* [PROBLEM TO WORK ON] Return the listing below exactly as it stands. Pictures stay out.

=== RECORDS FOR THIS EXERCISE ===

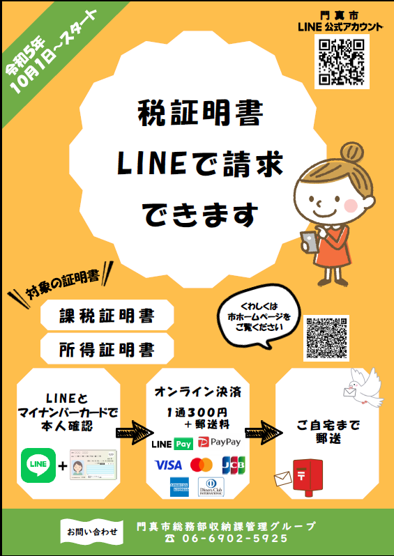 門真市では、2023年10月1日(日)から課税(非課税)証明書および所得証明書を門真市LINE公式アカウントからのオンライン請求の受付を開始しました。
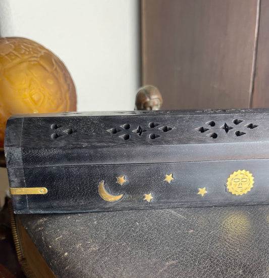 Moon, Sun & Stars Black Wood Incense Burner Box
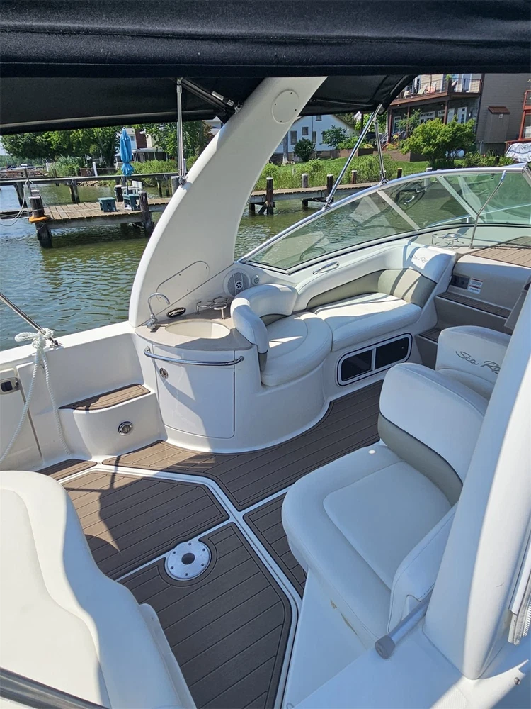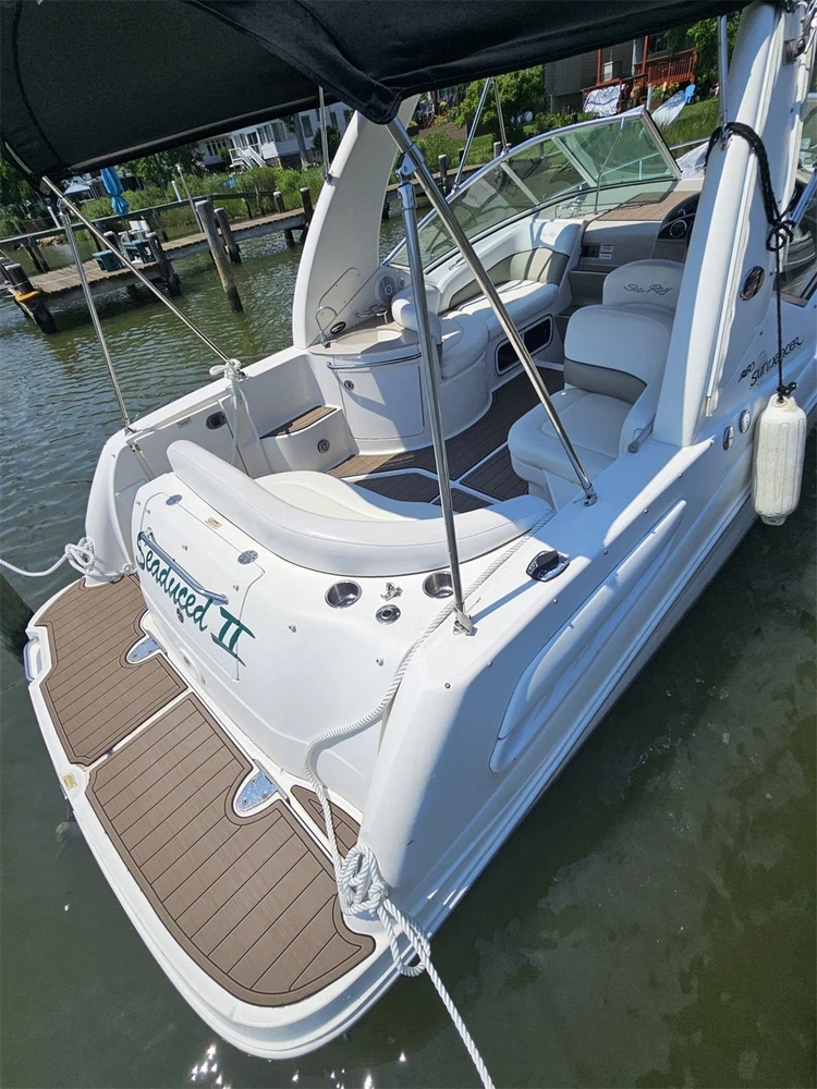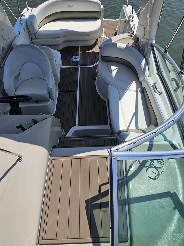 We could not add the 16 floor color options that you can choose to use to each listing because of quantity limit, when you order it, you can just leave an order note for the floor color that you want to use or you can send us a message, we will always check and confirm the floor color with you before we make the floor for you.You can just order it. Please be aware that we can only make this boat floor by the first listing drawing. Before you order it, please double check the listing drawing outline shapes with your boat to make sure they can fit your boat well. As long as the floor pad outline shape can match your boat deck layout, it should fit well.We will not be hold responsible if the listing drawing floors do not fit your boat well because you do not double check our listing drawing. We can only make sure that the floors will be cut exactly by the listing drawing. If you are not sure if the drawing can fit well with your boat, please send us some photos of your boat deck layout or a short video to show your boat deck layout from stern to bow so we can help you to confirm the fitting. The floor comes with marine backing adhesive.It is peel and stick installation.You just need to peel off the white protection paper and put it down. You do not need to buy glue to install it. We offer 1 year warranty for all our boat floors. The EVA floor is 1/4″(6mm) thick two-color pad. You can choose your colors, texture and faux teak option. Additional custom text logos can also be incorporated on EVA floor. All routed logos and beveled edges will show the bottom color selected. All EVA floors come with marine backing glue. All EVA floors listed on our online store are “made to order” and not stocked so please allow up to 2-3 weeks for delivery. EVA floor fabrication time is about 4-5 days, then it will take about 7-10 days’ time to ship and deliver to your order shipping address.After you order it, please double check your order shipping address to make sure all the shipping address, postal code, city name and contact phone number are all correct. We will ship all orders by express shipping such as DHL, FedEX, USP or EMS express. We will choose the shipping courier as we see fit. Color choices: #1 Black over Brown #2 Black over Dark Grey #3 Black over Green #4 Black over Red #5 Black over White #6 Brown over Black #7 Brown over White #8 Coffee over Black #9 Dark Grey over Black #10 Dark Grey over Grey #11 Grey over Black #12 Grey over blue #13 Grey over Purple #14 Grey over Red #15 Grey over White #16 Black over Blue When you order it, please tell us the color you want for top layer and bottom layer. Additional custom text logo fee:50 USD/ea. Before you order it, please verify floor drawing and confirm that it matches your boat and understand that this cannot be returned without a restocking fee of 30%. We can also make the custom EVA teak decking by the template drawing or full size template that you can supply to us. The listing price does not include any destination duties/taxes/custom fees/etc. that will be due when the product arrives at destination countries/regions. It is the customer’s responsibility to pay for all custom duty/taxes/custom fees if any. 1.EVA material is a high-density sponge, does not absorb moisture 2.No blackening/darkening in humid environment 3.Hardness: Around 55-50 degrees 4.Soft & Comfortable 5.Easy maintenance(Use of common cleaning agents, rinse with brush and water 6.High and low temperature resistance 7.Sound insulation and anti-vibration 8.Easy replacement,Easy installation,No additional auxiliary materials required 9.UV resistant without color fading 10.Support for customized services(Colors and patterns) Precautions before payment: 1.Please check if the boat model match your Yacht model。 2.Some ship models have different configurations with different options, please pay attention to choose the most suitable one 3.If not sure whether your ship matches the drawings, please send us photos of swim platform and cockpit, we could help to determine if it is appropriate 4..If need to verify the size, please feel free to contact us Order colors: 1.If request color not included in color cards, need to waiting the other 10-15 days. Parcels can be sent out within 20 days(Start from the moment of payment done), extend the cycle when it comes to holidays 2.The picture colors for reference only, based on actual color(Photos taken by cell phones easy to present the chromatic aberration) For design: 1.We could design drawings according to the customer’s requirements(Free of Charge) 2.We could provide design drawings for your choices 3.Support LOGO customization(50USD/ea), document is needed, format file: DXF/AI/PDF/JPJ/PNG etc. For Installation: 1.Need to use acetone or alcohol to clean the floor before installation(To remove surface wax of new ships), make sure it is dry before starting the installation. 2.Lay all EVA floors flat before installation. When confirming the location, tear off the backing adhesive from one corner and start the installation 3.Fix it when pasting, cannot move EVA floors 4.Rolling with round rollers during installation process(Need to finger press LOGO position in advance to avoid air in it). If air generated, remove it by use of a small needle to pierce the air bubble 5.No soaking within 48 hours after installation Making Templates: If no matching ship model in our sale list, pls provide template we could produce it based on your template’s requirement Reference image to create template Make a note in the package to remark contact details, name, the brand of small ship/model/year of production, we will contact you immediately We will send design drawings to you for confirmation within 5 days after template received Complete production and send package within 3-5 days after confirmation of drawings(after payment done) Package: Soft material. Rolled and packed for shipment. Outer box package Shipment Express courier: DHL FEDEX TNT UPS 
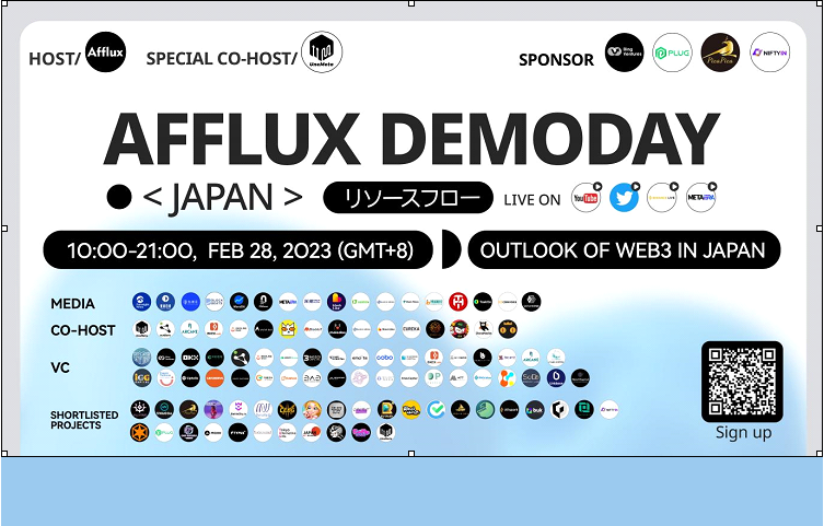 由Afflux主办,Plug Chain、Bing Ventures、PicaPica和NIFTYIN赞助,日本第一风险投资机构Skyland、日本第一NFT公司UneMeta倾力相助,数十家Web3风投机构、媒体、协办支持的Web3日本专场路演即将在2月28日正式开启,来自全球各地的31个项目入围赛场、下一个点爆日本Web3市场的项目即将诞生!
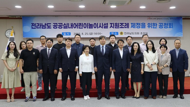 이번 공청회는 놀이공간이 부족한 전라남도에 실내 어린이 놀이시설을 조성해 아동의 놀 권리 보장 및 건전한 성장을 위해 조례를 제정하고자 마련됐고 전남연구원 심미경 박사, 세한대학교 유아교육과 조숙영 교수, 영광군 학부모, 전라남도 인구청년정책관실 인구정책팀장, 전라남도 여성가족정책관 등이 참석했다.

===

* [YOUR SOLUTION]
 門真市では、2023年10月1日(日)から課税(非課税)証明書および所得証明書を門真市LINE公式アカウントからのオンライン請求の受付を開始しました。
 Moon, Sun & Stars Black Wood Incense Burner Box
 We could not add the 16 floor color options that you can choose to use to each listing because of quantity limit, when you order it, you can just leave an order note for the floor color that you want to use or you can send us a message, we will always check and confirm the floor color with you before we make the floor for you.You can just order it. Please be aware that we can only make this boat floor by the first listing drawing. Before you order it, please double check the listing drawing outline shapes with your boat to make sure they can fit your boat well. As long as the floor pad outline shape can match your boat deck layout, it should fit well.We will not be hold responsible if the listing drawing floors do not fit your boat well because you do not double check our listing drawing. We can only make sure that the floors will be cut exactly by the listing drawing. If you are not sure if the drawing can fit well with your boat, please send us some photos of your boat deck layout or a short video to show your boat deck layout from stern to bow so we can help you to confirm the fitting. The floor comes with marine backing adhesive.It is peel and stick installation.You just need to peel off the white protection paper and put it down. You do not need to buy glue to install it. We offer 1 year warranty for all our boat floors. The EVA floor is 1/4″(6mm) thick two-color pad. You can choose your colors, texture and faux teak option. Additional custom text logos can also be incorporated on EVA floor. All routed logos and beveled edges will show the bottom color selected. All EVA floors come with marine backing glue. All EVA floors listed on our online store are “made to order” and not stocked so please allow up to 2-3 weeks for delivery. EVA floor fabrication time is about 4-5 days, then it will take about 7-10 days’ time to ship and deliver to your order shipping address.After you order it, please double check your order shipping address to make sure all the shipping address, postal code, city name and contact phone number are all correct. We will ship all orders by express shipping such as DHL, FedEX, USP or EMS express. We will choose the shipping courier as we see fit. Color choices: #1 Black over Brown #2 Black over Dark Grey #3 Black over Green #4 Black over Red #5 Black over White #6 Brown over Black #7 Brown over White #8 Coffee over Black #9 Dark Grey over Black #10 Dark Grey over Grey #11 Grey over Black #12 Grey over blue #13 Grey over Purple #14 Grey over Red #15 Grey over White #16 Black over Blue When you order it, please tell us the color you want for top layer and bottom layer. Additional custom text logo fee:50 USD/ea. Before you order it, please verify floor drawing and confirm that it matches your boat and understand that this cannot be returned without a restocking fee of 30%. We can also make the custom EVA teak decking by the template drawing or full size template that you can supply to us. The listing price does not include any destination duties/taxes/custom fees/etc. that will be due when the product arrives at destination countries/regions. It is the customer’s responsibility to pay for all custom duty/taxes/custom fees if any. 1.EVA material is a high-density sponge, does not absorb moisture 2.No blackening/darkening in humid environment 3.Hardness: Around 55-50 degrees 4.Soft & Comfortable 5.Easy maintenance(Use of common cleaning agents, rinse with brush and water 6.High and low temperature resistance 7.Sound insulation and anti-vibration 8.Easy replacement,Easy installation,No additional auxiliary materials required 9.UV resistant without color fading 10.Support for customized services(Colors and patterns) Precautions before payment: 1.Please check if the boat model match your Yacht model。 2.Some ship models have different configurations with different options, please pay attention to choose the most suitable one 3.If not sure whether your ship matches the drawings, please send us photos of swim platform and cockpit, we could help to determine if it is appropriate 4..If need to verify the size, please feel free to contact us Order colors: 1.If request color not included in color cards, need to waiting the other 10-15 days. Parcels can be sent out within 20 days(Start from the moment of payment done), extend the cycle when it comes to holidays 2.The picture colors for reference only, based on actual color(Photos taken by cell phones easy to present the chromatic aberration) For design: 1.We could design drawings according to the customer’s requirements(Free of Charge) 2.We could provide design drawings for your choices 3.Support LOGO customization(50USD/ea), document is needed, format file: DXF/AI/PDF/JPJ/PNG etc. For Installation: 1.Need to use acetone or alcohol to clean the floor before installation(To remove surface wax of new ships), make sure it is dry before starting the installation. 2.Lay all EVA floors flat before installation. When confirming the location, tear off the backing adhesive from one corner and start the installation 3.Fix it when pasting, cannot move EVA floors 4.Rolling with round rollers during installation process(Need to finger press LOGO position in advance to avoid air in it). If air generated, remove it by use of a small needle to pierce the air bubble 5.No soaking within 48 hours after installation Making Templates: If no matching ship model in our sale list, pls provide template we could produce it based on your template’s requirement Reference image to create template Make a note in the package to remark contact details, name, the brand of small ship/model/year of production, we will contact you immediately We will send design drawings to you for confirmation within 5 days after template received Complete production and send package within 3-5 days after confirmation of drawings(after payment done) Package: Soft material. Rolled and packed for shipment. Outer box package Shipment Express courier: DHL FEDEX TNT UPS 
 由Afflux主办,Plug Chain、Bing Ventures、PicaPica和NIFTYIN赞助,日本第一风险投资机构Skyland、日本第一NFT公司UneMeta倾力相助,数十家Web3风投机构、媒体、协办支持的Web3日本专场路演即将在2月28日正式开启,来自全球各地的31个项目入围赛场、下一个点爆日本Web3市场的项目即将诞生!
 이번 공청회는 놀이공간이 부족한 전라남도에 실내 어린이 놀이시설을 조성해 아동의 놀 권리 보장 및 건전한 성장을 위해 조례를 제정하고자 마련됐고 전남연구원 심미경 박사, 세한대학교 유아교육과 조숙영 교수, 영광군 학부모, 전라남도 인구청년정책관실 인구정책팀장, 전라남도 여성가족정책관 등이 참석했다.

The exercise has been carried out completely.